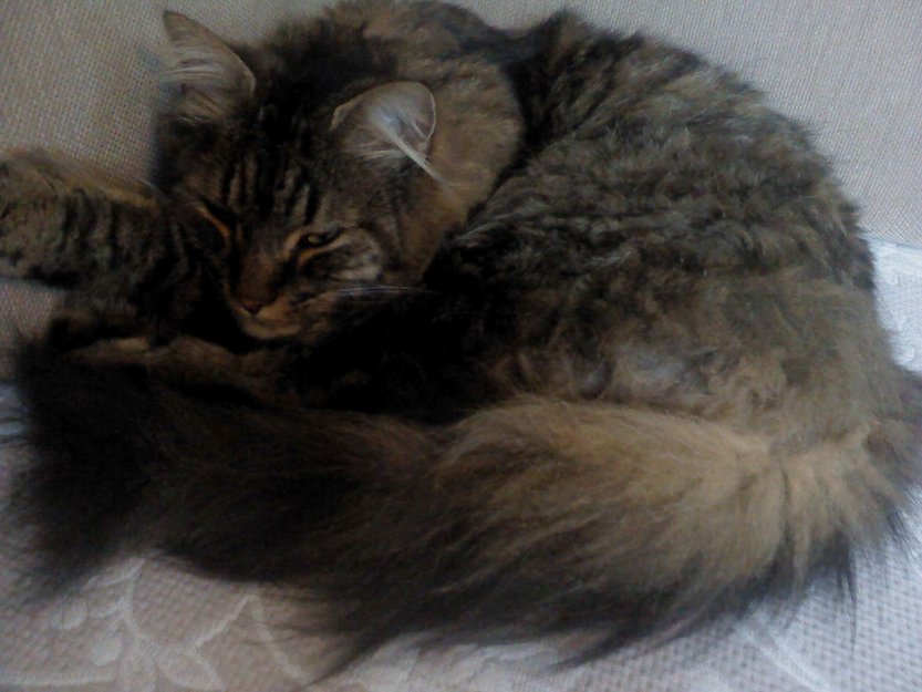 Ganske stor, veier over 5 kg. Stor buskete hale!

*****

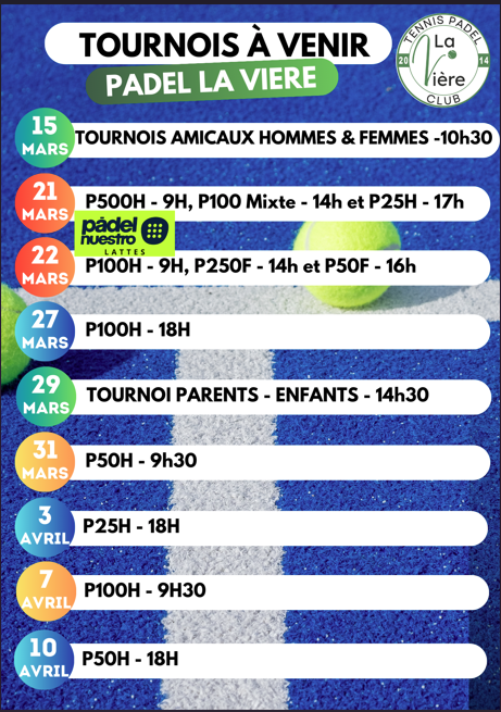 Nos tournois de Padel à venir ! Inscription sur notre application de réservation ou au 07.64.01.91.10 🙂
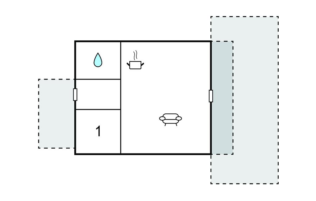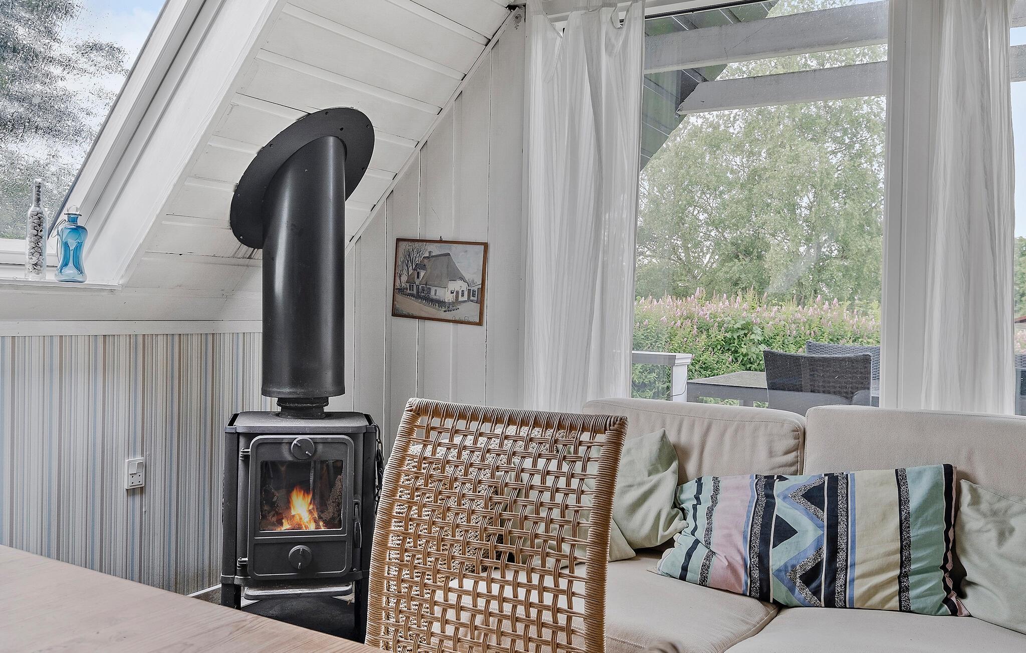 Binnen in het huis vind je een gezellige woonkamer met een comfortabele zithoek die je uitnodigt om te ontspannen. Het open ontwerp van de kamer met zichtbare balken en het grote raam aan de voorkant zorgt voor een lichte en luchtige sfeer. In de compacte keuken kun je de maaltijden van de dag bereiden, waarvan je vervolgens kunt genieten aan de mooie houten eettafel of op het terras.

*****

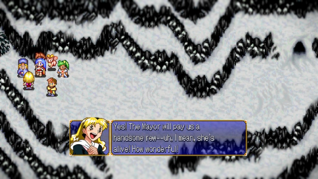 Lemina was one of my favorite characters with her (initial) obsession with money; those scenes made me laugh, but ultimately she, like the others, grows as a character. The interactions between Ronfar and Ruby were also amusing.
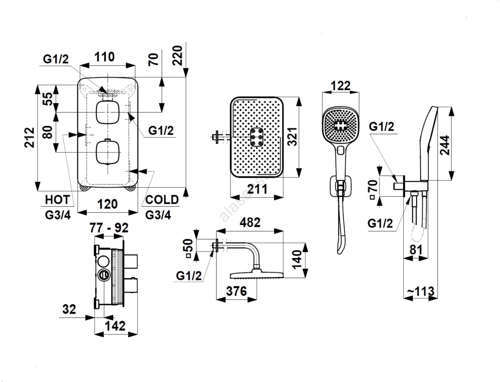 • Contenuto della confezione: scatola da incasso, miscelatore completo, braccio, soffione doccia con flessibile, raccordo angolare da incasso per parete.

*****

• **Exercise goal**
In the records above, find the line with "Lemina was one". Print exactly from there through the line with "incasso per parete.", minus the pictures.

• **Solved exercise**
 Lemina was one of my favorite characters with her (initial) obsession with money; those scenes made me laugh, but ultimately she, like the others, grows as a character. The interactions between Ronfar and Ruby were also amusing.
 • Contenuto della confezione: scatola da incasso, miscelatore completo, braccio, soffione doccia con flessibile, raccordo angolare da incasso per parete.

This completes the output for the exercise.